Zafer bey bu mektup üzerine beni aradı. Ya vekilim Vallahi ben o açıklamayı o manada söylemedim, arkadaşlarımız elbette çok kıymetli insanlardır, ben ağabeyimi her zaman yanımda görmek isterim falan gibi şeyler söyledi.

Ben de ona beni sen istediğin zaman değil, Allah istediği zaman karşında göreceksin dedim.

Basına yansıyan telefon konuşmalarından sırf Reza Zerrap hesabından 103 Milyon lira(eski yüz üç trilyon) para aktarılmış mahdumuna. Bu bir kişinin yasal zeminde telefon konuşmasından elde edilen bilgi. Eğer bu bilgiler doğru ise, bunun gibi onlarcası, yüzlercesi olduğuna kalıbımı basarım.

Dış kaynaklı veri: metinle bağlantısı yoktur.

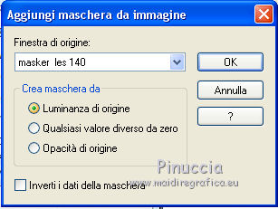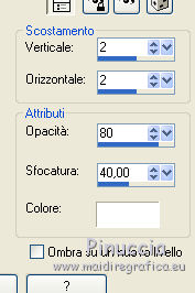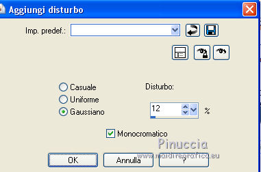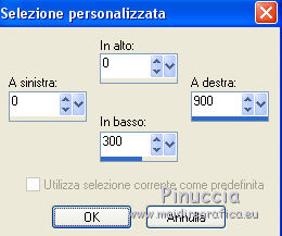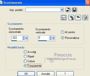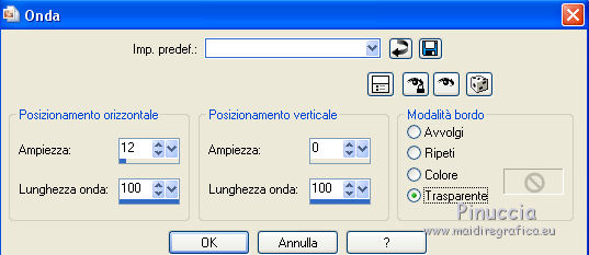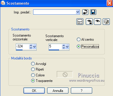 Occorrente: Materiale qui Tubes di Leny, Kahlan e Corry. Filtri in caso di dubbi, ricorda di consultare la mia sezione filtri qui Mehdi - Wavy Lab qui VanDerLee - Snowflakes qui Alien Skin Eye Candy 5 Impact - Perspective Shadow, Glass qui Alien Skin Eye Candy 5 Nature - Snow Drift qui ![]() Se utilizzi altri colori, non esitare a cambiare modalità di miscelatura e opacità dei livelli Apri la maschera in PSP e minimizzala con il resto del materiale. 1. Imposta il colore di primo piano con #26425f, e il colore di sfondo con il colore bianco #ffffff. ![]() 2. Apri una nuova immagine trasparente 900 x 550 pixels. 3. Effetti>Plugins>Mehdi - Wavy Lab (attenzione, è la versione con 3 colori). Questo filtro crea gradienti con i colori della paletta: il primo è il colore di sfondo, il secondo quello di primo piano. Mantieni il terzo colore creato dal filtro ![]() 4. Regola>Sfocatura>Sfocatura gaussiana - raggio 30. ![]() 5. Attiva lo strumento Selezione ![]() (non importa il tipo di selezione impostato, perchè con la selezione personalizzata si ottiene sempre un rettangolo) clicca sull'icona Selezione personalizzata ![]() e imposta i seguenti settaggi. ![]() 6. Livelli>Nuovo livello raster. Effetti>Plugins>VanDerLee - Snowflakes se stai usando la versione precedente, il risultato non cambia: Effetti>Plugins>Adrenaline - Snowflakes ![]() Abbassa l'opacità di questo livello al 75%. Selezione>Deseleziona. (Se hai problemi con il filtro, copia/incolla come nuovo livello il tube fornito - Snowfall). 7. Apri il tube Leny winter, cancella il watermark e vai a Modifica>Copia. Torna al tuo lavoro e vai a Modifica>Incolla come nuovo livello. Spostalo a destra.8. Livelli>Nuovo livello raster. Riempi il livello con il colore bianco di sfondo #ffffff.Livelli>Nuovo livello maschera>Da immagine. Apri il menu sotto la finestra di origine e vedrai la lista dei files aperti. Seleziona la maschera Masker les 140. ![]() Livelli>Unisci>Unisci gruppo. 9. Apri il tube Hrwjs winter, cancella il watermark e vai a Modifica>Copia. Torna al tuo lavoro e vai a Modifica>Incolla come nuovo livello. Immagine>Ridimensiona, al 90%, tutti i livelli non selezionato. Spostalo a sinistra.Cambia la modalità di miscelatura di questo livello in Moltiplica. ![]() 10. Modifica>Copia Unione. Modifica>Incolla come nuova immagine e continua su questa immagine. Immagine>Ridimensiona, al 20%, tutti i livelli selezionato. 11. Effetti>Plugins>Alien Skin Eye Candy 5 Impact - Glass. Seleziona il preset Clear e ok. ![]() 12. Immagine>Aggiungi bordatura, 20 pixels, simmetriche, colore bianco #ffffff. Immagine>Ridimensiona, al 60%, tutti i livelli selezionato. 13. Modifica>Copia e minimizza l'immagine che ti servirà ancora. 14. Torna al tuo lavoro e vai a Modifica>Incolla come nuovo livello. Effetti>Effetti di immagine>Scostamento. ![]() 15. Effetti>Plugins>Alien Skin Eye Candy 5 Impact - Perspective Shadow. Seleziona il preset Drop Shadow Blurry e ok. ![]() 16. Apri il tube element e vai a Modifica>Copia. Torna al tuo lavoro e vai a Modifica>Incolla come nuovo livello. Cambia la modalità di miscelatura di questo livello in Filtra. Effetti>Effetti di immagine>Scostamento. ![]() 17. Apri il tube tekst les 140 e vai a Modifica>Copia. Torna al tuo lavoro e vai a Modifica>Incolla come nuovo livello. Spostalo a sinistra, come nel mio esempio.![]() 18. Apri element 2 e vai a Modifica>Copia. Torna al tuo lavoro e vai a Modifica>Incolla come nuovo livello. Cambia la modalità di miscelatura di questo livello in Filtra. 19. Effetti>Effetti di distorsione>Onda. ![]() 20. Effetti>Effetti di immagine>Scostamento. ![]() Abbassa l'opacità di questo livello all'80%. 21. Apri il tube bomen, cancella il watermark, e vai a Modifica>Copia. Torna al tuo lavoro e vai a Modifica>Incolla come nuovo livello. Spostalo in basso.Effetti>Plugins>Alien Skin Eye Candy 5 Nature - Snow Drift. Seleziona il preset Dusting Light e ok. ![]() 22. Apri il tube rendier e vai a Modifica>Copia. Torna al tuo lavoro e vai a Modifica>Incolla come nuovo livello. Spostalo in basso a destra.![]() 23. Immagine>Aggiungi bordatura, 1 pixel, simmetriche, colore di primo piano #26425f. Immagine>Aggiungi bordatura, 2 pixels, simmetriche, #ffffff. Selezione>Seleziona tutto. Immagine>Aggiungi bordatura, 40 pixels, simmetriche, colore di primo piano #26425f. 24. Selezione>Inverti. Regola>Aggiungi/Rimuovi disturbo>Aggiungi disturbo. ![]() 25. Selezione>Inverti. Effetti>Effetti 3D>Sfalsa ombra, colore bianco #ffffff. ![]() Selezione>Deseleziona. 26. Apri il tube snow-icerand e vai a Modifica>Copia. Torna al tuo lavoro e vai a Modifica>Incolla come nuovo livello. Spostalo sul bordo in alto.27. Attiva la piccola immagine del punto 13. Modifica>Copia. Torna al tuo lavoro e vai a Modifica>Incolla come nuovo livello. Immagine>Ridimensiona, al 30%, tutti i livelli non selezionato. Spostala sul bordo a destra.28. Effetti>Plugins>Alien Skin Eye Candy 5 Impact - Perspective Shadow. Preset Drop Shadow Blurry e Shadow color #ffffff. ![]() Livelli>Duplica - 2 volte, e posiziona le immagini sotto l'originale.![]() 29. Firma il tuo lavoro su un nuovo livello. 30. Immagine>Aggiungi bordatura, 1 pixel, simmetriche, colore di primo piano #26425f. 31. Immagine>Ridimensiona, 900 pixels di larghezza, o come preferisci, tutti i livelli selezionato. Salva in formato jpg. I tubes di questo esempio sono di Karine e Jring's ![]() ![]() Puoi scrivermi per qualsiasi problema, o dubbio se trovi un link che non funziona, o anche soltanto per dirmi se questo tutorial ti è piaciuto. 1 Dicembre 2017 |

Eğemen Bağış ile olan hasbihalimi daha önce yazmıştım. Hem de yakın zamanlarda. Hani Irakta cereyan eden katliam ile ilgili olarak HA SADDAM, HA BUSH demiştim ve Eğemen bey beni Bushtan özür dilemeye çağırmış, ben de özür dilemeyince benden küsmüştü ya, İşte onları bir vesile üç ay kadar önce dile getirmiştim. (o yazıdan sonra bir toplantı yerinde Eğemen bey arkadan sırtımı sıvazlayıp geçmiş, böylece yazıyı okuduğunu anlamıştım)

Şimdi onun da rüşvet fotoromanı yayınlanıyor. YAZIK, YAZIK, YAZIK.

KİME?

Tabii ki onlara itimat edip, ABD deki o hemen bizim jargonumuzdaki hiçbir insanın kabul etmeyeceği görevlerden gelip, DEVLETİN başında kendisine görev tevdi eden Başbakana.

Emniyetin ve Savcılığın yaptığı operasyondan haberi olmadığı, kendisine bilgi verilmediği için Sayın Başbakan kızıyor.

Emniyetin, özellikle Savcılığın görev ve faaliyetlerini yürütür iken, işin mahremiyetine azami dikkat etmek, kanun gereği ise ve bu konuda bilgi verme mecburiyeti yok ise, elbette bu kişilerin yaptığı çalışmaları makuliyet ölçüsünde kabullenmek lazım.

Yolsuzluk, rüşvet gibi eylemlerle ilgili olarak sağır sultanların duyduğu bir şeyi, yakınındaki görevliler neden Sayın Başbakana ulaştırmamışlar.

Hani MİT teşkilatı bu olan bitenlerle ilgili Sayın Başbakana neden bilgi vermemiş?

Bakan bu ya, başka bir şey değil ki. En yakın çalışma arkadaşlarının kayınbabalarının, yeğenlerinin, oğullarının, hatta bizzat Sayın Bakanların karıştıkları eylemlerden, eğer MİT Sayın Başbakana bilgi vermemiş ise, esas onlara kızmak lazım. Ve derhal görev değişikliğine onlardan başlamak lazım değil mi?

Bu yazı aslında Cumartesi günü yayınlanacaktı. Teknik arıza sebebiyle bugüne kaldı. Her şeyde bir hayır var.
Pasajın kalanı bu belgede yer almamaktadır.